Moses was born in Long Beach, California, in 1926, and studied at the University of California, Los Angeles, before emerging as one of the most influential artists in the postwar West Coast art scene, which winked at its New York counterpart with a rascally sense of wit and fun.
Moses showed with Los Angeles’s legendary Ferus Gallery, founded by Walter Hopps and Ed Kienholz, and known for showing “Cool School” artists Larry Bell, Billy Al Bengston, Ed Ruscha, and Ken Price, among others.
Now, a wintery, locked-down London is getting a jolt of Moses’s decidedly West Coast abstractions in the form of the new exhibition “Whiplines, Waterfalls and Worms,” on view at Mayfair’s JD Malat Gallery.
With works made during the last two decades of the artist’s life, the exhibition is a whirlwind of color and mark-making.

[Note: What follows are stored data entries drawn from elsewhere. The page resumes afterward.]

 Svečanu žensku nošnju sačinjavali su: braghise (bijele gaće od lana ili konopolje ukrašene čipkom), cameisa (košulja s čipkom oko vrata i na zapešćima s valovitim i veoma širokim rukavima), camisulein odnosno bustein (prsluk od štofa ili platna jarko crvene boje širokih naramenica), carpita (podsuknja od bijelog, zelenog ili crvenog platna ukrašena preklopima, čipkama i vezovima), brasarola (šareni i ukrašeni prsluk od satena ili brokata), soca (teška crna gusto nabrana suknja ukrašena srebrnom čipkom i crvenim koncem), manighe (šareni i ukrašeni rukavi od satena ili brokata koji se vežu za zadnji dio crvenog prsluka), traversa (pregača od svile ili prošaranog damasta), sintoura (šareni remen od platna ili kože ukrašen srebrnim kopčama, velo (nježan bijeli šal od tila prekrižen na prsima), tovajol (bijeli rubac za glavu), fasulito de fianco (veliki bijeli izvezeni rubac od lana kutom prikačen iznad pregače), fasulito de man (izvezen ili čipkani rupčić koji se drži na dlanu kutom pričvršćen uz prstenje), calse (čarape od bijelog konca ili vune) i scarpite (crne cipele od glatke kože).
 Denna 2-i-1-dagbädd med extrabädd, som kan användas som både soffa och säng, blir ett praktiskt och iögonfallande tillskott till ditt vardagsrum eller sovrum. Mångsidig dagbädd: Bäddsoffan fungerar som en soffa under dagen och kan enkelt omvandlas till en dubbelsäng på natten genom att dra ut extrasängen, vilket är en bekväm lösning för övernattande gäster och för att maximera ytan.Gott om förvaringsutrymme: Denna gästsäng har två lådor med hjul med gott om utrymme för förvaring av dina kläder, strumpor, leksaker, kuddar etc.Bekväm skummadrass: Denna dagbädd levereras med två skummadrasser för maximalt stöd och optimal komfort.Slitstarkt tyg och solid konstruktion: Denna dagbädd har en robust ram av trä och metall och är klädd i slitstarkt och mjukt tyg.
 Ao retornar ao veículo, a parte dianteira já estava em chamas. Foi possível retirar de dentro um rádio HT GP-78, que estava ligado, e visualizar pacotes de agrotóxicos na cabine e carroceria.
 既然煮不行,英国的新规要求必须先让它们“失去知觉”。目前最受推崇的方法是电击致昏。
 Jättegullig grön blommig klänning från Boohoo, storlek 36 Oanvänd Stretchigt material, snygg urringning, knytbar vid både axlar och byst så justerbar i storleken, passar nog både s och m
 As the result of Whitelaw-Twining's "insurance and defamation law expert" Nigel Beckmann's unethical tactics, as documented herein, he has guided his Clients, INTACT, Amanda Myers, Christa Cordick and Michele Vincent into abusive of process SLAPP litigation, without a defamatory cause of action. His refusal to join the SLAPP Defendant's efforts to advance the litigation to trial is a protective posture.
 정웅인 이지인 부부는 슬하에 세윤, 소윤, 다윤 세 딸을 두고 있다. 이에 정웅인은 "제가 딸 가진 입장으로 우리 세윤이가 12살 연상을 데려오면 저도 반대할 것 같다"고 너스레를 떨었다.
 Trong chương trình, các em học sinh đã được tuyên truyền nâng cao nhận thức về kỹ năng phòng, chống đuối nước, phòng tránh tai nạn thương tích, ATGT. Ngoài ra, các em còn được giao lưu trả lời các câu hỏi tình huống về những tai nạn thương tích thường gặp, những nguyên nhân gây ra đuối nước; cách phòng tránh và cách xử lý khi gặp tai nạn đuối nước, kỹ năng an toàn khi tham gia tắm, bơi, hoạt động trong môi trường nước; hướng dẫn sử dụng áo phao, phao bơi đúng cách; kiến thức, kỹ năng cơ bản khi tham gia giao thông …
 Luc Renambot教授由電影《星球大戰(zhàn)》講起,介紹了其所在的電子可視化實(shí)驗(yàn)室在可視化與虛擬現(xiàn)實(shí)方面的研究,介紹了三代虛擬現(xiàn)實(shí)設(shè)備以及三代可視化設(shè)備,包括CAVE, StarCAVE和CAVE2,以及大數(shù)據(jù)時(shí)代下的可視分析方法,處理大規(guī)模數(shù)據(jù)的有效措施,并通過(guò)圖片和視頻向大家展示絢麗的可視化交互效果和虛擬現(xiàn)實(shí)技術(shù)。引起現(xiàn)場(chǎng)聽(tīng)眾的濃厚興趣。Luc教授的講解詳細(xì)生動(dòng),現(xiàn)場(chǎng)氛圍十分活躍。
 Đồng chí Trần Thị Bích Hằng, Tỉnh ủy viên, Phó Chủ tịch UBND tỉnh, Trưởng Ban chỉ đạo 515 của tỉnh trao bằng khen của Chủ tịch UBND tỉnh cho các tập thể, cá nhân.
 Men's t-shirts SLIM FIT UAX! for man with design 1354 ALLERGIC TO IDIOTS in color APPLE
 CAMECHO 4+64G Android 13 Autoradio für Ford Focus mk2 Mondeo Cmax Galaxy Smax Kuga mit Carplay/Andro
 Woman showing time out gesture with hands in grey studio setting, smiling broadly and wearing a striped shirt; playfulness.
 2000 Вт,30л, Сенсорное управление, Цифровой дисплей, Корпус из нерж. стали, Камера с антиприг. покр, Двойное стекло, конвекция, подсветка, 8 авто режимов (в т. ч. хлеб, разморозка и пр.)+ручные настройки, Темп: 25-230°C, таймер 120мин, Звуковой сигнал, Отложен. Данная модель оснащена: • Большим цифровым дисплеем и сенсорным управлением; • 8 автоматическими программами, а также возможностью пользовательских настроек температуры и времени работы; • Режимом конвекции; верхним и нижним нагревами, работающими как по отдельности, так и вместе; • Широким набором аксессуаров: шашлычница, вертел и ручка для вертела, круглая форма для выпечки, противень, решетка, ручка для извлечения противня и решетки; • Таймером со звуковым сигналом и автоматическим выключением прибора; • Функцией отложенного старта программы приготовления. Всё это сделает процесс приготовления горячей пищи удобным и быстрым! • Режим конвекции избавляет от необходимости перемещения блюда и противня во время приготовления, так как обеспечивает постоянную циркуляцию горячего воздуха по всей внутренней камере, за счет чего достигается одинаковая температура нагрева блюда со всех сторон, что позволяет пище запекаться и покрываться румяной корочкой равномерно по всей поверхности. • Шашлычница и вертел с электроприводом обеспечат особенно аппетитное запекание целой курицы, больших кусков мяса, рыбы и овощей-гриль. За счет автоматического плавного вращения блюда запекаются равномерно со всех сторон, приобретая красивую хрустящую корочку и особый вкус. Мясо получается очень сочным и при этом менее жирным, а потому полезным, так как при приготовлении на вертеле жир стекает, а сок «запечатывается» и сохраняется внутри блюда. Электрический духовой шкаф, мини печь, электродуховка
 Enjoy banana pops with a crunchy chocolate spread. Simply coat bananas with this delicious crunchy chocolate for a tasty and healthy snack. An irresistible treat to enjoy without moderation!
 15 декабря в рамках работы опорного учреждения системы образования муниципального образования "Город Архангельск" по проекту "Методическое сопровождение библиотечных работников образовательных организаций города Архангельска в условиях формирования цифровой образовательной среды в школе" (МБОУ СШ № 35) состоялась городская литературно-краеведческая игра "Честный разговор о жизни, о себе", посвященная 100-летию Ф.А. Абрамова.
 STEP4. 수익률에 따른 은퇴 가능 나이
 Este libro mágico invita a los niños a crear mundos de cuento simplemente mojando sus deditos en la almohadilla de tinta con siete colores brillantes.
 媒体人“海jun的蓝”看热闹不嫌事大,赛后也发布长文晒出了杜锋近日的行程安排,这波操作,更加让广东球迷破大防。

Moses’s pigments are applied with a characteristic sense of urgency and awe.
As the exhibition title suggests, these abstract works bring to mind certain effects of nature. With pulsating blacks and red, Ocnaf (2008) reads like the blaze of a forest fire, while Alping (2007) offers a high energy collision between white and blues—like snow or the foam of surf hitting a bright blue sky. Another work, Cuarto Porto, is like lava.
“Moses took inspiration from various sources, such as Buddhism, the open spaces of his Venice, California, studio as well as what he called, his daily ‘habit’ of painting,” said the gallery in a statement. Moses’s tools, too, were unconventional: mops, hoses, and rubber scrapers all played a part.
Andy Moses, the artist’s son, helped assemble the London exhibition. An artist himself, Andy had his first UK exhibition with JD Malat last year. A video accompanying the show details how it came together between the artist and the gallery.
In the middle of a long winter, the show is a startling reminder of nature’s awesome energy.